Content-based information retrieval systems are known in which a query item such as an image or text document is presented and the system automatically analyses the content of the query item. This content analysis is then used by the information retrieval system to find other items from a database which have similar content. This type of search is sometimes referred to as “similar item” search because an example item is presented as the query. In contrast, keyword search for example, involves keywords being presented as the query to find items such as documents. There is an ongoing need to improve the performance of such content-based information retrieval systems. For example, to improve the relevance of retrieved items, to improve the speed of operation and to provide generality in the results, that is, to retrieve items that are generally similar to the query item rather than being almost identical to it or having some identical features.
As information is to be retrieved from ever larger databases of items, for example, for web-scale retrieval, the need for fast, efficient and good quality information retrieval systems grows.
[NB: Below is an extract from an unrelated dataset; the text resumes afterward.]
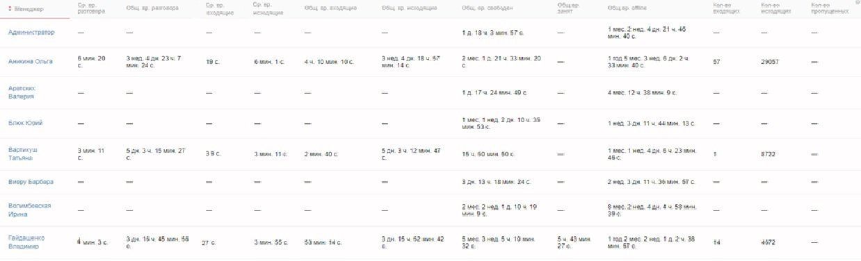 Отражается: среднее время разговора, общее время всех разговоров, средняя длительность входящих звонков, средняя длительность исходящих звонков, сумма длительности всех входящих, сумма длительности всех исходящих, общее время не на линии (не в разговоре), общее время offline, общее время занятости, количество входящих, исходящих и пропущенных звонков. За любой период.
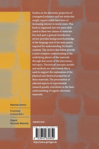 Studies on the electronic properties of conjugated polymers and low molecular weight organic solids have been of increasing interest in recent years. This book is organized into two parts dedicated to these two classes of materials. For each part a general introductory review provides background knowledge of the language and of the main points required for understanding the book's contents. The reviews that follow provide a more complete understanding of the underlying physics of the materials through discussion of the interconnected topics. Theoretical concepts, models and methods are overviewed; this is used to support the explanation of the physical and chemical properties of these materials. The presentation of selected aspects of experimental research greatly contributes to the basic understanding of organic electronic materials.

A typical example of similar-item search is in the field of content-based image retrieval. This type of search has traditionally been approached as a text-retrieval problem by mapping image features into integer numbers (known as visual words) representing clusters in feature space. The mapping is defined by a dictionary specifying the feature clusters. Each image is then represented as a histogram of visual words. A pre-filtering process is used to find a small set of images having histograms likely to be similar to the histogram of the query image. Existing approaches take the list of visual words in the query image and run a search on a database to retrieve images containing any of the visual words from the query image. The retrieved images form a filter set which is then provided to a ranking system to further refine the search results. However, typical previous pre-filtering methods have retrieved over 40% of the images in the database and thus yield filter sets which are too large for web-scale retrieval. Furthermore, these previous approaches have typically used very large dictionaries of visual words which generalize poorly for measuring similarity of general object classes as opposed to specific object instances. Also where large dictionaries are used the resulting filter sets are often unsuitable for many types of ranking functions.
The embodiments described herein are not limited to implementations which solve any or all of the disadvantages of known content-based information retrieval systems.